5.1. EXPERIMENTAL SETTINGS

We conduct experiments on three open graph datasets derived from citation networks (including Cora, CiteSeer, PubMed) (Sen et al., 2008) for the semi-supervised node classification task. In these citation networks nodes denote documents whose features are formed by bag-of-words representations, and edges denote their relationships with labels indicating what field the corresponding documents belong to. Though our framework can be integrated with various GNN models, we choose plain GCN (Kipf & Welling, 2016) as the base model in Algo. 1 in this experiment. Specifically, we set the number of GCN layers n layers=2, learning rate lr=1e-2, training epochs=600, weight decay=5e-4 for the GCN model, and fix t = 10 in Algo. 1. Similar to the M3S algorithm (Sun et al., 2019) , we also regard the option of rounds K as a hyper-parameter and assign the most suitable K for each testing of different label rate. We choose K as 40,10,5,4,4 for Cora dataset, 30,25,15,10,10 for CiteSeer and 5,4,3 for PubMed. The label rate indicates the amount of labeled nodes, which are randomly chosen from the whole node set under an extra measures that is to guarantee the balance between different classes. For each trial we repeat the testing 10 times and report the mean accuracy.

5.2. COMPARISON WITH BASELINE ALGORITHMS

The compared baseline algorithms in this experiment include traditional learning method such as Node2Vec (Grover & Leskovec, 2016) ,LP (Wu et al., 2012) and classic GNN approach such as GCN (Kipf & Welling, 2016) , GAT (Veličković et al., 2017) and ChebNet (Defferrard et al., 2016) . We also include Co-training and Self-training proposed by Li et al. (2018) and other self-learning based approaches MultiStage (Sun et al., 2019) , M3S (Sun et al., 2019) as baseline. The relevant experimental settings and results are all taken from original papers. The comparison of these algorithms on the three benchmarks is summarized in Tables 3, 4 and 5 respectively. It is observed that GNN-based approaches surpass traditional learning approaches in general on all three datasets. By adopting multi-rounds training strategy and expanding the supervised information iteratively, the algorithms based on self-training mechanism achieve remarkable improvement in prediction accuracy, especially when the label rate is quite small. Furthermore, the proposed FASG algorithm outperforms all baseline algorithms in all tested scenarios. The superiority of our method derives from the delicate checking part based feature aggregation, which is able to guarantee the high quality of the expanded supervised information as illustrated in Fig. 2 . In order to reveal how our algorithm is affected by the number of training rounds K, we report the numbers of newly added nodes, bad training nodes and the prediction accuracy on the CiteSeer dataset for different label rates with increasing K from 0 to 50. Note that when K is 0, the framework degrades to the plain GCN model. As shown in Fig. 4 (a), accuracies grow rapidly during the first few rounds for all label rates. For a small label rate (e.g. 0.005), the accuracy tends to grow continuously with K increasing.
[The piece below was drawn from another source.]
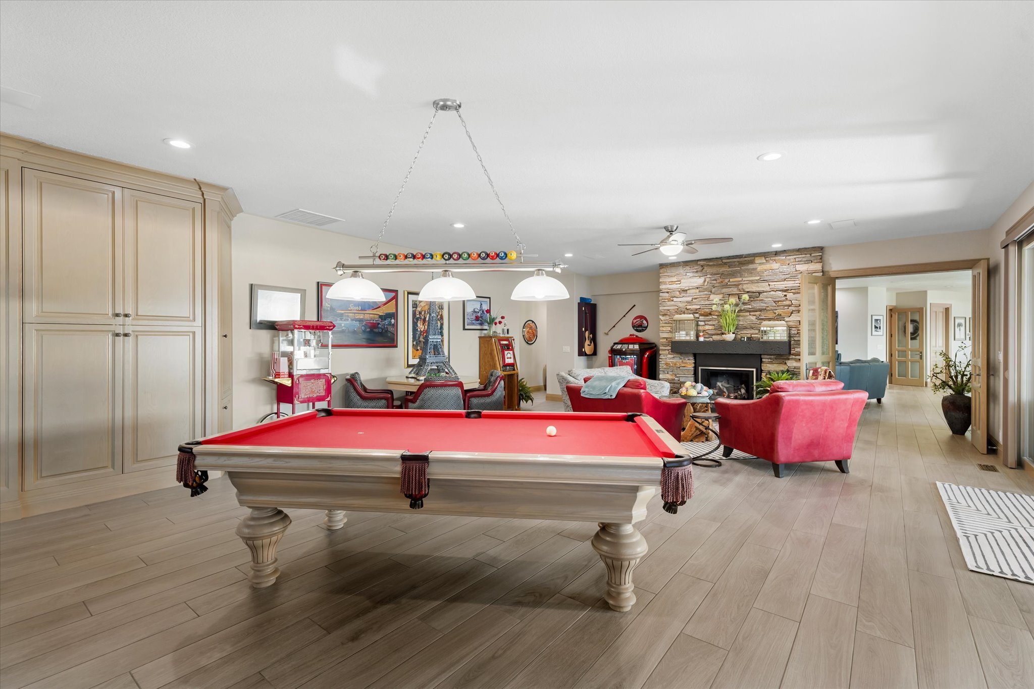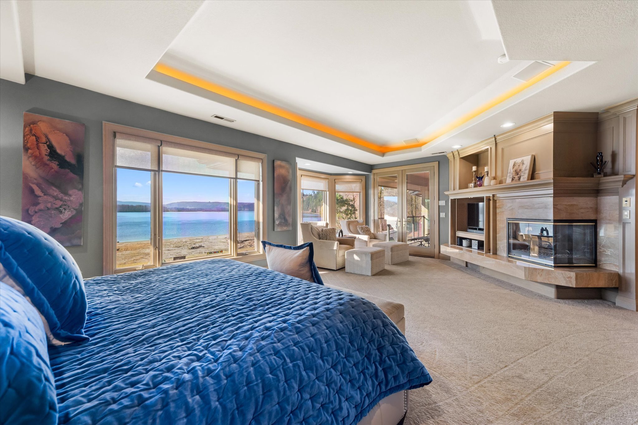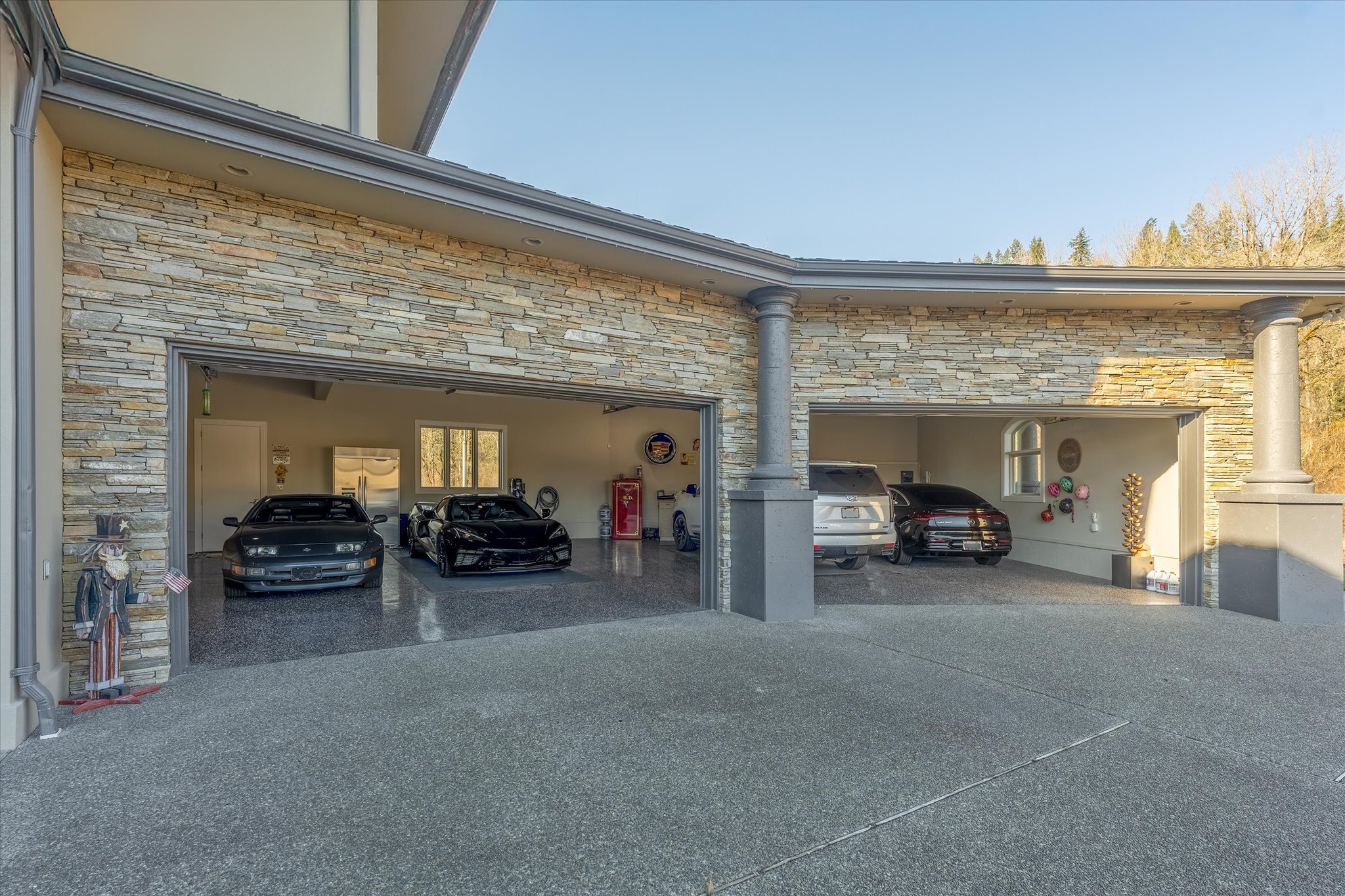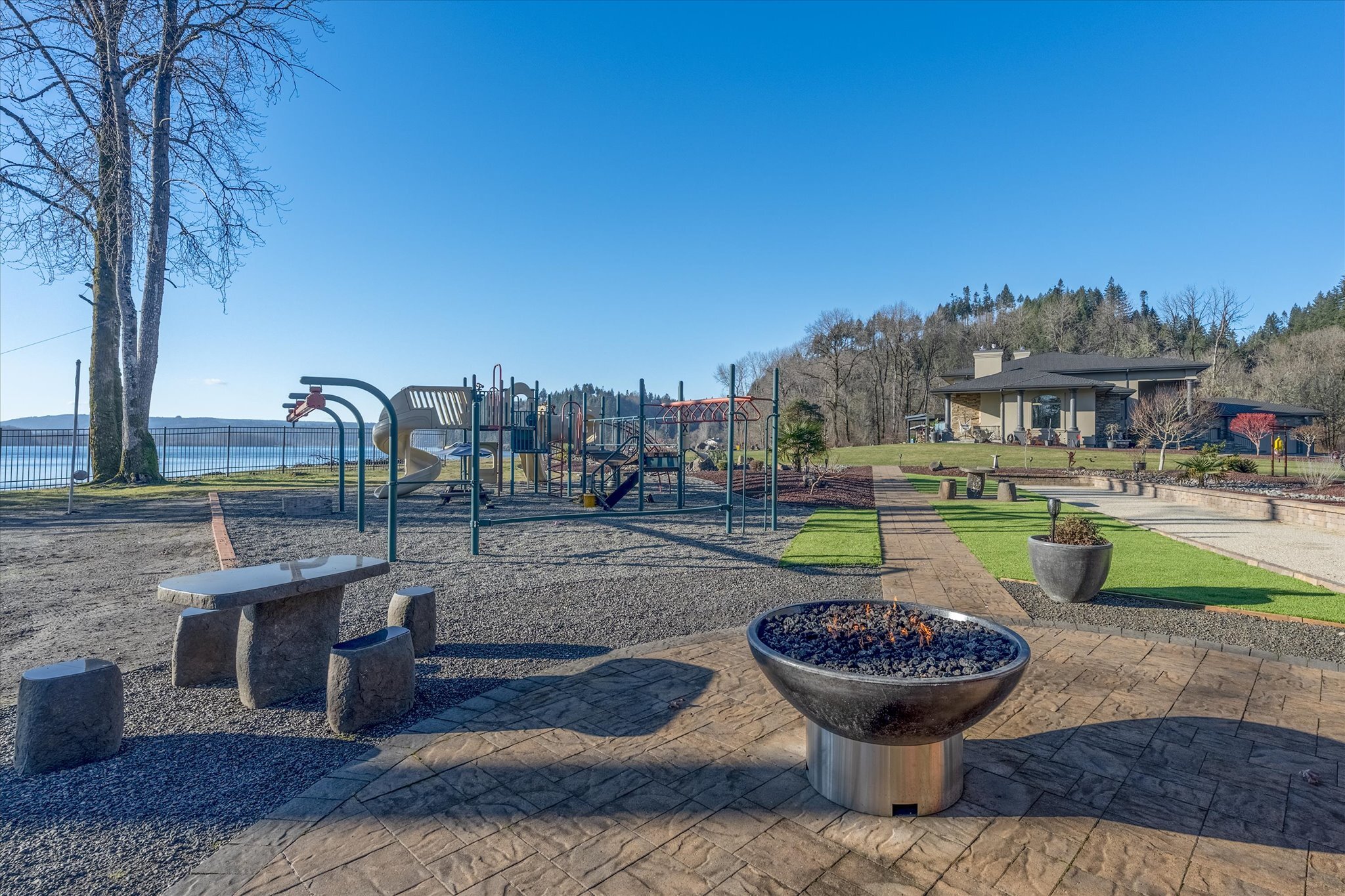 Stunning waterfront estate offers an unparalleled lifestyle, with 16 acres of privacy surrounded by water on three sides. Over 1,000 feet of sandy Columbia River beach and breathtaking views from nearly every room in the 7,280 sq ft home. Picturesque boardwalk leads to the 80-ft long boat dock, ideal for water adventures. Completely remodeled open kitchen is a chef’s dream with 3 ovens, quartz counters, and so much more. River front gazebo is perfect for hosting large gatherings with a full kitchen and the option to enclose-complete with playground, gas fire pit and more. 4 bedrooms, office, 2 versatile flex rooms and 5 bathrooms. Primary suite is an oasis of comfort you'll never want to leave. Garage parking for at least 10 cars and an RV.

On the contrary, for a relatively large label rate (e.g. 0.04) the accuracy will reach the peak rapidly with a small K and saturate afterward. 

(a)

. There are numbers of newly nodes that are expanded as supervision information at each round for a small label rate, so the accuracy is improved continuously. While, for a relatively large label rate, the number of newly added nodes drops markedly after a few training rounds, which results in the saturation of the accuracy. As described in Sec. 4.3, the proposed FASG algorithm can be integrated with various base GCN models to improve their prediction performances. For validation, we combine FASG with several popular GCN models, and report their prediction accuracy on the CiteSeer dataset with label rate 0.5% in Table 6 , where GS-M and GS-P represent GraphSage with mean and maxpool aggregator respectively. It is shown that all tested base GCN models achieve similar performances, and they are all benefitted significantly in prediction accuracy by applying our FASG to expand supervised information iteratively.

6. CONCLUSION

In this paper, we firstly analyzed the limitations of plain GCN models in dealing with semisupervised node classification tasks, and subsequently proposed a feature aggregation self-training GCN algorithm aiming to improve the prediction accuracy. Our algorithm iteratively expand reliable nodes into the supervised set by checking both the GCN outputs and the pseudo-labels of nodes that are generated through applying a linear SVM classifier on the aggregated features. This checking mechanism is able to provide supervised information of better quality than previous methods and boosts the final node classification significantly. In experiments, the proposed algorithm outperforms state-of-the-art baseline algorithms in general on all tested benchmarks, especially when the ratio of labeled nodes is quite small.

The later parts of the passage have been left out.